Sample code from Norway
Sample code from Norway
Here's the zipped up sample code that I've been showing during my Metadata talk at the VS.NET launch event in Oslo. It's demonstrating yet another use of the constraint attributes that I've written quite a while ago. The idea is simple. When you use restriction facets on types defined in XSD and map them into a programming model, most of the facets get crippled away. They get totally lost when XSD.EXE generates classes and only length constraints survive DataSet code generation.
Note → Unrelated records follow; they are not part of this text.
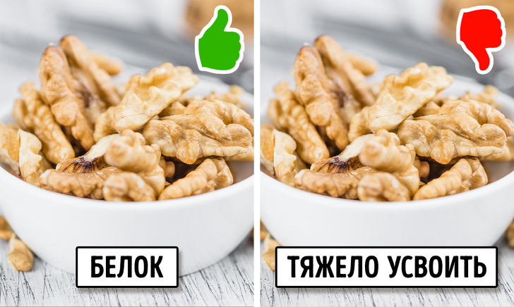 Горіхи є відмінним джерелом корисних жирів і калорій, але вживання їх в якості вечірнього перекусу — не кращий варіант. В цілому це корисно для здоров'я, але якщо ви з'їли велику порцію, то перетравлення може зайняти багато часу, а заснути в такому стані буде складно.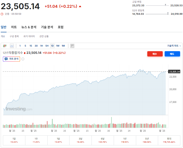 - 나스닥: +0.22% 상승한 23,505.14로, 지난 9거래일 중 8일 상승을 기록하며 역대 고점에서 2% 남짓한 수준.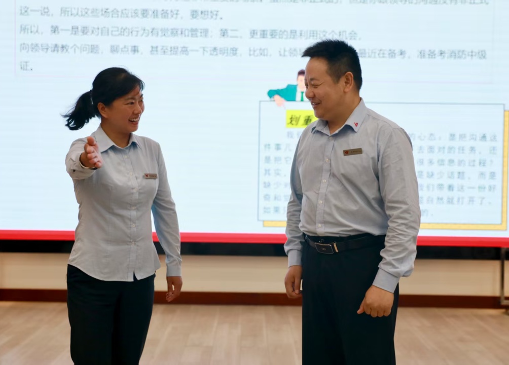 情景模拟环节将现场气氛推向高潮!学员们化身“一线管家”,在模拟项目中应对各种突发状况。机智的应对、幽默的化解,引得现场掌声与笑声不断。积分制更是点燃了团队斗志,为赢得珍贵的“成长币”,各小组摩拳擦掌、踊跃抢答,在竞技中深化了协作,在欢笑中巩固了知识。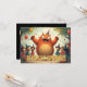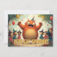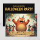 Ilustração lúdica do Dia das Bruxas com um monstro laranja engraçado, crianças em fantasias, balões e confete. Ideal para comemorações assustadoras, mas divertidas, festas infantis, decorações ou projetos criativos de Halloween com humor.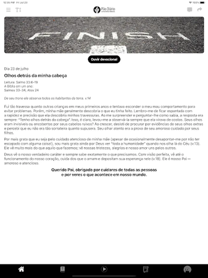 When accessing the devotional of the day, in addition to the reflection, you will find the biblical passage and the key verse of the text. After finishing the devotional, you can still interact with other professionals in the comments and share the reflection with your colleagues, friends and family.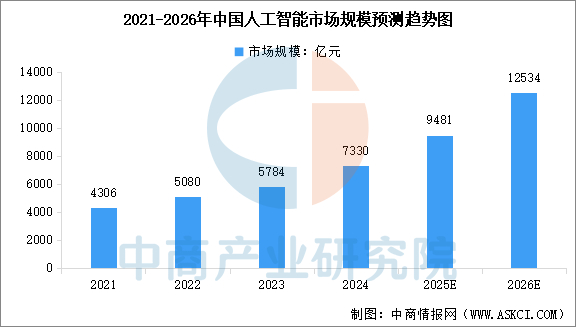 中商情报网讯:人工智能产业正处于技术突破与应用落地的关键阶段,政策支持与竞争并存,未来将加速向智能化、产业化、全球化方向发展。中商产业研究院发布的《2025-2030年中国人工智能产业现状调查及未来趋势研判报告》显示,2024年中国人工智能市场规模已达到7330亿元,同比增长26.7%。中商产业研究院分析师预测,2026年中国人工智能市场规模将达到12534亿元。

Now, if you use the code in this archive, you can retrofit your classes with the appropriate facets like this:
[System.Xml.Serialization.XmlTypeAttribute( Namespace="urn:schemas-newtelligence-com: transactionsamples:customerdata:v1")] public class customerType { [Match(@"\p{L}[\p{L}\p{P}0-9\s]+"),MaxLength(80)] public string FirstName; [Match(@"\p{L}[\p{L}\p{P}0-9\s]+"),MaxLength(80)] public string LastName; [Match(@"[0-9\+][0-9\-\(\)\s]*"),MaxLength(26)] public string HomePhone; [Match(@"[0-9\+][0-9\-\(\)\s]*"),MaxLength(26)] public string BusinessPhone; [Match(@"[0-9\+][0-9\-\(\)\s]*"),MaxLength(26)] public string MobilePhone; }
.. and then you simply run an entire object graph through the validation function provided by the ConstraintValidator class like this:
ConstraintValidator cv = new ConstraintValidator(); cv.Validate( customers );
If validation fails, you get an exception with a detailed description of the problem. The net result is that all validation happens on the object graph and not using a serialization step and a run through the XmlValidatingReader. That saves time and allows you to keep promises in regards to XSD based message contracts even if your data will never be serialized into angle brackets. XSD rocks. Consider queued components. Voilá.
Update: I got an email comment detailing an (obviously pretty stupid) bug that I have in the validation function. I'll take a look at it and will post an update shortly. Fixed.